La lección del globo
Por: Elvia Gómez Hernández
Si me preguntarán que aprendí este año, lo resumiría en una pequeña frase “la lección del globo”, si así es. Me di cuenta de ello, mientras observaba a mis hijos prepararse para lanzar el día de reyes su globo.
Aún no llegaban los globos, cuando uno de sus vecinos de 6 años se apresuró a su casa y salió corriendo para mostrar su globo y ser el primero en estar listo; sin embargo, en la espera un niño más grande le grito ¡suéltalo, suéltalo! aún sin la carta puesta, mi hijo de 3 años le gritaba que no. Duro la discusión sólo un minuto cuando el niño soltó el globo, como era de esperarse se puso a llorar.
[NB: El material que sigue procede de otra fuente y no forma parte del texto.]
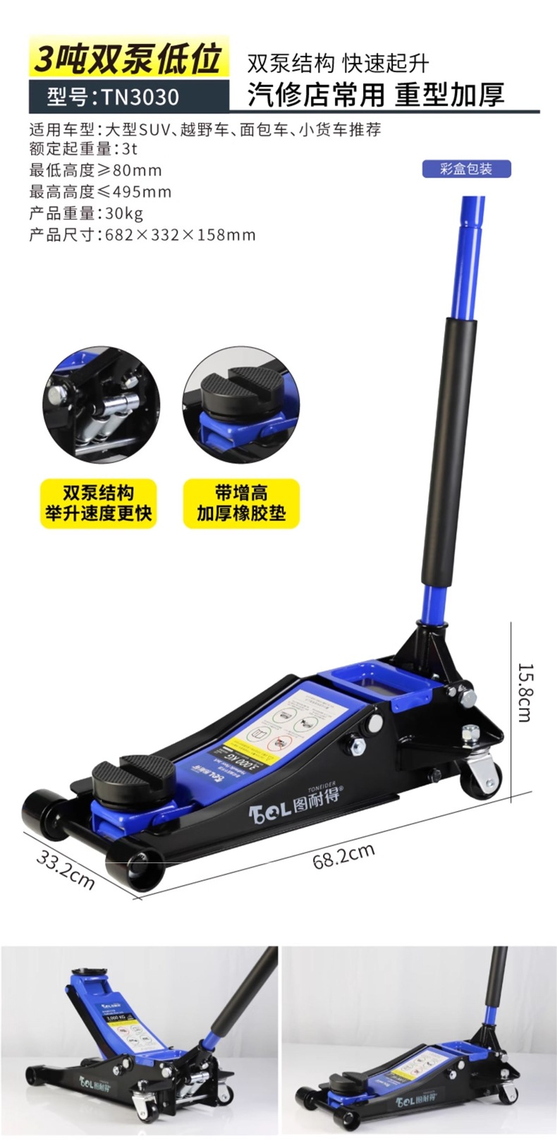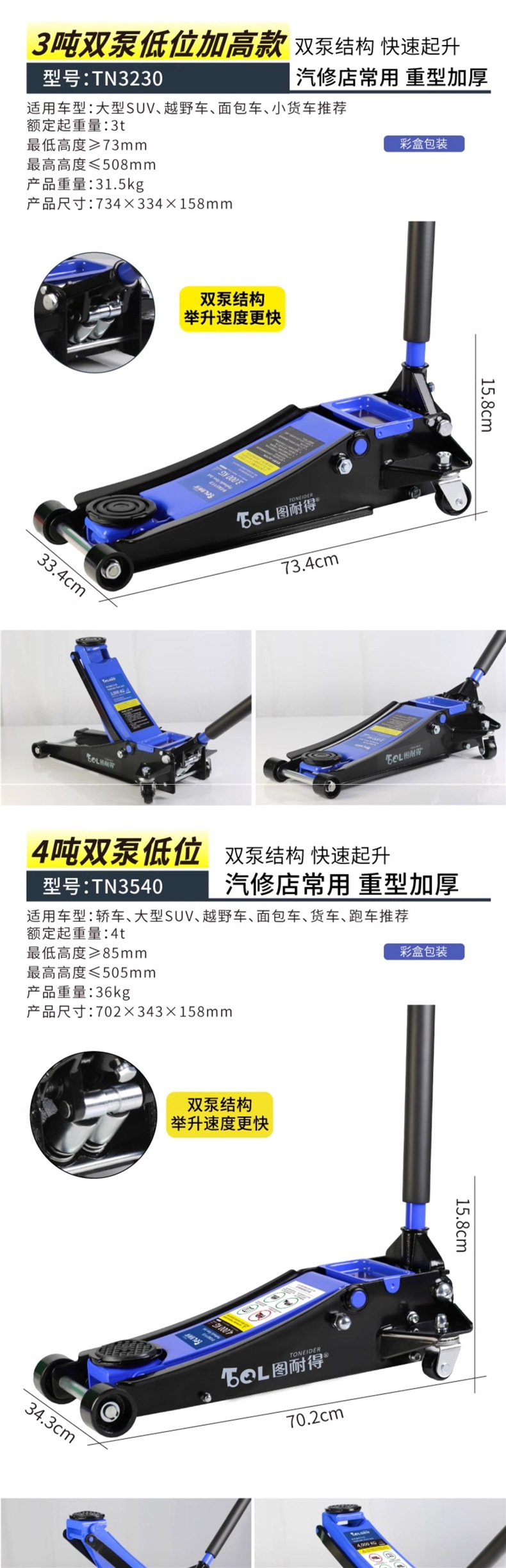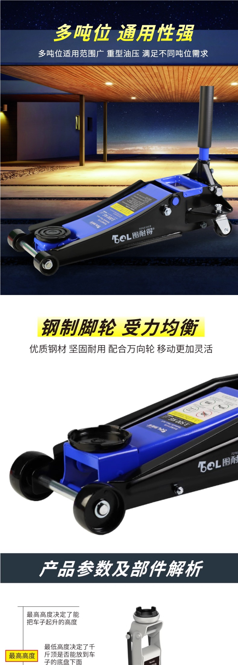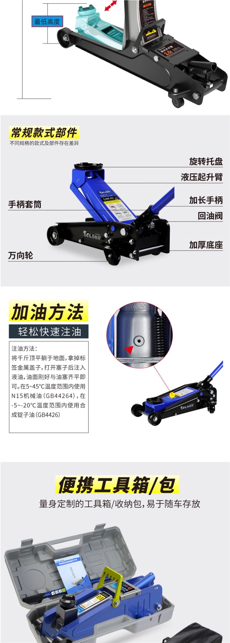 | Modelo | Versión universal de 2 toneladas - caja de cartón, versión universal de 2 toneladas - caja de plástico, 2,5 toneladas de refuerzo Todopoderoso súper bajo - caja de cartón, 2,5 toneladas de refuerzo Todopoderoso súper bajo - paquete de almacenamiento, 2,5 toneladas de refuerzo Todopoderoso súper bajo - caja de plástico, 2,5 toneladas de refuerzo - caja de plástico + paquete de mantenimiento, 2,5 toneladas de refuerzo integrado [con llave inglesa / barra de presión 360 grados de rotación libre], 2,5 toneladas de refuerzo [barra de presión 360 grados de rotación libre] - caja de cartón, 2,5 toneladas de refuerzo [barra de presión 360 grados de rotación libre] - paquete de almacenamiento, 2,5 toneladas de refuerzo [barra de presión 360 grados de rotación libre] - paquete de almacenamiento, Reparación 3 toneladas de refuerzo de elevación [caja de cartón], 3 toneladas de refuerzo de elevación [paquete de almacenamiento], 3 toneladas de refuerzo de elevación [caja de plástico], 3 toneladas de SUV grandes [caja de cartón] especial, 3 toneladas de SUV grandes [paquete de almacenamiento] especial, 3 toneladas de almohadilla de Goma pesada + almohadilla de Goma de aumento [comúnmente utilizada en la tienda de reparación de automóviles], 3 toneladas de almohadilla de Goma pesada + almohadilla de Goma de aumento + llave de 18 pulgadas, 3 toneladas de almohadilla de Goma pesada + almohadilla de Goma de aumento + soporte de Seguridad de 3 toneladas + llave de 18 pulgadas, 3,5 toneladas de almohadilla de Goma pesada + almohadilla de Goma de aumento [comúnmente utilizada en la tienda de reparación de automóviles], 3,5 toneladas de almohadilla de Goma pesada + almohadilla de Goma de aumento + soporte de Seguridad de 3 toneladas, 3,5 toneladas de almohadilla de Goma pesada + soporte de Goma de aumento + llave de 18 pulgadas, 3 toneladas de almohadilla de Goma súper baja [comúnmente utilizada en la tienda de reparación de automóviles]], 3 toneladas de doble bomba súper baja + almohadilla de Goma + llave inglesa de 18 pulgadas, 3 toneladas de doble bomba súper baja + almohadilla de Goma + soporte de Seguridad de 3 toneladas, 3 toneladas de doble bomba súper baja + almohadilla de Goma + soporte de Seguridad de 3 toneladas + llave inglesa de 18 pulgadas, 3 toneladas de doble bomba súper baja más alta [comúnmente utilizada en talleres de reparación de automóviles], 3 toneladas de doble bomba súper baja más alta + llave inglesa de 18 pulgadas, 3 toneladas de doble bomba súper bajo + 3 toneladas de soporte de seguridad, 3 toneladas de soporte de Seguridad súper bajo + 3 toneladas de soporte de Seguridad + 18 pulgadas de llave inglesa, 4 toneladas de soporte de bomba doble súper bajo + 18 pulgadas de llave inglesa, 4 toneladas de soporte de Seguridad súper bajo + 3 toneladas de soporte de seguridad, 4 toneladas de soporte de bomba doble súper bajo + 3 toneladas de soporte de Seguridad + 18 pulgadas de llave inglesa, 5 toneladas de soporte de Seguridad súper bajo + 18 pulgadas de llave inglesa, 5 toneladas de doble bomba súper bajo + 18 pulgadas de llave inglesa, 5 toneladas de soporte de Seguridad súper bajo + 6 toneladas de soporte de bomba doble + 18 pulgadas de llave inglesa |

Yo imprudentemente intervine y en mi lógica de mamá gallina, me dirigí al más grande y le pregunte porque le había dicho que lo soltara, así que tenía que ir a contar a su casa lo sucedido, en la confusión la abuelita del niño del globo decidió, que el vecino pagará el globo.
Reflexionando el asunto, me parece que muchas veces en el año actué como la niña del globo que lo suelta y busca quien repare el daño, pero saben la única responsable de soltarlo fui yo.
Cuantas veces soltaste tu globo y buscaste culpables, en lugar de aceptar la responsabilidad, cierto que es que en el caso de mi vecinito había una responsabilidad compartida por la edad, pero desde pequeños necesitamos aprender asumir nuestras responsabilidades, y en un acto tan sencillo como este, aprendemos a manipular la situación para aparecer como las víctimas.
También la premura del tiempo nos hace tomar decisiones precipitadas, a veces queremos ser los primeros y los únicos, sin entender antes que las cosas pasan a su debido tiempo, están hechas para ello para disfrutarlas y darles su importancia.
Yo este año aprendí ha hacerme responsable de mis actos y no tiene que ver con la culpa, simplemente con asumir que mis decisiones en ocasiones pueden ser correctas y otras no, todas tienen un efecto, en la metáfora del globo una decisión podría permitirnos soltar o tal vez perder, depende del enfoque que le demos.
Sería bueno preguntarnos ¿estamos listos para soltar el globo?
En este caso, el pequeño no lo estaba y por eso fue el llanto, pero cuando todos ya estuvieron listos y fue el tiempo de lanzarlo lo disfrutaron esperando con esa decisión una respuesta favorable, sus regalos.
Así es la vida, cuando sentimos que no es el momento de soltar el globo, dudamos de la respuesta, porque en el fondo sabemos que la premura, la impaciencia y la decisión incorrecta no traen el resultado correcto y por eso lloramos y nos duele nuestro error. En cambio si esperamos, nos tomamos el tiempo, lo disfrutamos y confiamos en que lo estamos haciendo bien nuestra respuesta será la mejor.
En este momento de mi vida he decidido aprender la lección, pues bien dicen que uno no pasa la prueba hasta que aprende la lección, decidí ser la niña que está lista para soltar su globo y tomar su mejor decisión con alegría, con esperanza, confiada y con la paciencia requerida, así como mis hijos lo hacen todos los días.